Questi due abbozzi hanno un rapporto polare. Costituiscono la tesi e l'antitesi dell'opera. Questo «secondo» per me è quindi tutt'altro che una conclusione. La sua necessità si fonda sul fatto che le conclusioni cui ero giunto nel «primo», così com'erano, non permettevano nessun tipo di formulazione – salvo che una illecitamente «poetica». […] Ora dispongo delle due estremità dell'arco – ma non ho ancora la forza di tenderlo. Questa forza può darmela solo un lungo allenamento, e il lavoro sui materiali ne costituisce un elemento accanto agli altri. La mia infelice situazione comporta che gli altri elementi che ho menzionato in questa seconda epoca del lavoro debbano finora passare in secondo piano a vantaggio dell'altro. Questo lo so. E di tale consapevolezza tengo conto nel modo dilatorio del mio procedere.315

Benjamin continua confermando la definizione dell'immagine dialettica data da Adorno, ovvero come «costellazione del reale», però sottolinea l'importanza nella sua teoria dei sogni. Questi sono momenti essenziali della presa di coscienza. Benjamin vuole sottolineare che l'immagine dialettica non riproduce sogni, ma può

rappresentare il momento del risveglio dal sogno del XIX secolo poiché contiene il punto di «irruzione del risveglio, e anzi proprio a partire da questi punti mi sembra che crei la sua figura come una costellazione li crea dai punti luminosi»316.

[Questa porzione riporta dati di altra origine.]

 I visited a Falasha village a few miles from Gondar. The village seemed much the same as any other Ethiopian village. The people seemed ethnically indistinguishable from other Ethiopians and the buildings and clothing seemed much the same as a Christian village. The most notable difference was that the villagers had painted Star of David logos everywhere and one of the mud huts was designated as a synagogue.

Benjamin vuole instaurare una dialettica del risveglio tramite l'immagine, ovvero portando all'estrema tensione i termini come sogno e risveglio; immagine dialettica e immagina onirica; soggetto storico e inconscio collettivo.

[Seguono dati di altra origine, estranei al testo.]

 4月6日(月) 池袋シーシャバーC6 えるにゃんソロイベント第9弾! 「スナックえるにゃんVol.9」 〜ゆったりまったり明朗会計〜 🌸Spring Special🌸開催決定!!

Come possiamo osservare nell'exposé emerge un'immagine dialettica come proiezione del desiderio o come immagine onirica nell'inconscio collettivo, la cui fantasia, che ha tratto impulso dal nuovo, dovrebbe rimandare al passato antichissimo, arcaico. Quindi nell'exposè le immagini dialettiche sono le proiezioni del desiderio, in cui il collettivo cerca di eliminare o di abbellire l'imperfezione del prodotto sociale. E queste immagini si fanno più palese quando le proiezioni del progresso, che la borghesia ha come proprio ideale, non vengono rispettate dalle condizioni reali. Invece, come abbiamo visto nel paragrafo precedente, Benjamin nella raccolta del materiale preparatorio per il progetto sui passage sviluppa un concetto di immagine dialettica che funge da principio euristico, invece nelle Tesi di

filosofia della storia, come vedremo nel prossimo capitolo, le immagini dialettiche

rappresentano strati determinati del passato collettivo, che aspettano di essere riscattate.